Hierarchical Spatial Algorithms for High-Resolution Image Quantization and Feature Extraction
Noor Islam S. Mohammad
TL;DR
This work targets deterministic, reproducible preprocessing for high-resolution images to support reliable low-level vision tasks. It presents a modular pipeline that integrates eight-level grayscale quantization, luminance-based color enhancement (YCrCb) and HSV brightness adjustment, 3×3 sharpening, a bidirectional transformation framework, and comprehensive geometric feature extraction (Canny, Hough, Harris, and morphological windowing). Key findings show luminance-based histogram equalization reduces color artifacts while boosting contrast, forward/backward pipeline similarities around 76% and 75%, and robust cue isolation with angular alignment near 51.5°, underscoring strong practical potential for real-time analysis and hybrid integration with learning-based systems. The results demonstrate a deterministic preprocessing foundation suitable for embedded and real-time vision tasks, with clear avenues for adaptive and deep learning extensions to improve robustness and generalization across diverse imaging conditions.
Abstract
This study introduces a modular framework for spatial image processing, integrating grayscale quantization, color and brightness enhancement, image sharpening, bidirectional transformation pipelines, and geometric feature extraction.
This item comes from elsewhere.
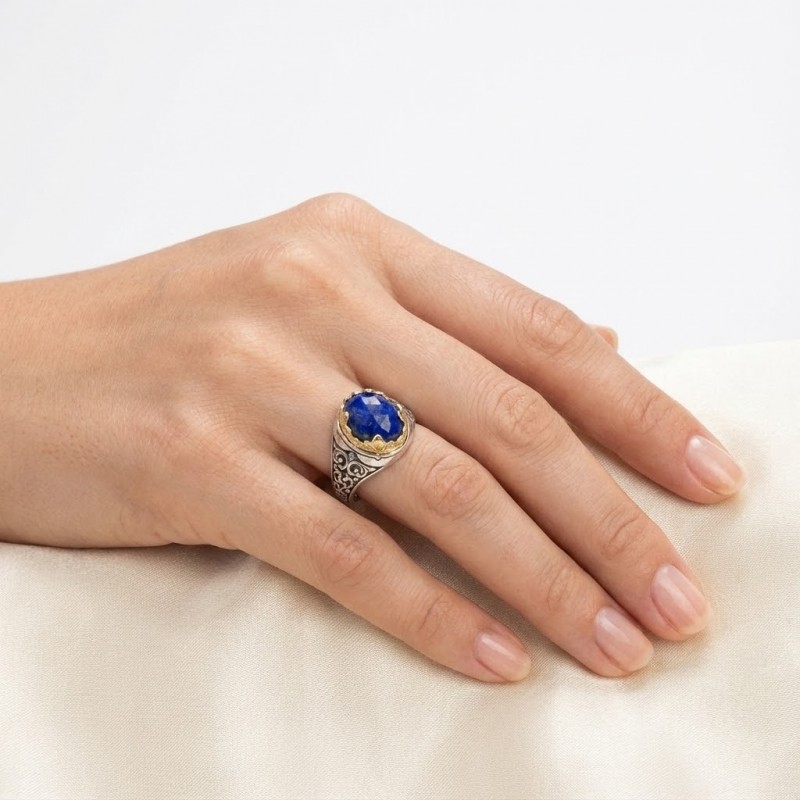 ΒΥΖΑΝΤΙΝΟ ΣΚΑΛΙΣΤΟ ΔΑΧΤΥΛΙΔΙ ΑΣΗΜΙ925 ΜΕ ΕΠΙΧΡΥΣΩΣΗ Κ18 ΚΑΙ ΛΑΠΙΣ ΠΕΤΡΑ

A stepwise intensity transformation quantizes grayscale images into eight discrete levels, producing a posterization effect that simplifies representation while preserving structural detail. Color enhancement is achieved via histogram equalization in both RGB and YCrCb color spaces, with the latter improving contrast while maintaining chrominance fidelity. Brightness adjustment is implemented through HSV value-channel manipulation, and image sharpening is performed using a 3 * 3 convolution kernel to enhance high-frequency details. A bidirectional transformation pipeline that integrates unsharp masking, gamma correction, and noise amplification achieved accuracy levels of 76.10% and 74.80% for the forward and reverse processes, respectively. Geometric feature extraction employed Canny edge detection, Hough-based line estimation (e.g., 51.50° for billiard cue alignment), Harris corner detection, and morphological window localization. Cue isolation further yielded 81.87\% similarity against ground truth images. Experimental evaluation across diverse datasets demonstrates robust and deterministic performance, highlighting its potential for real-time image analysis and computer vision.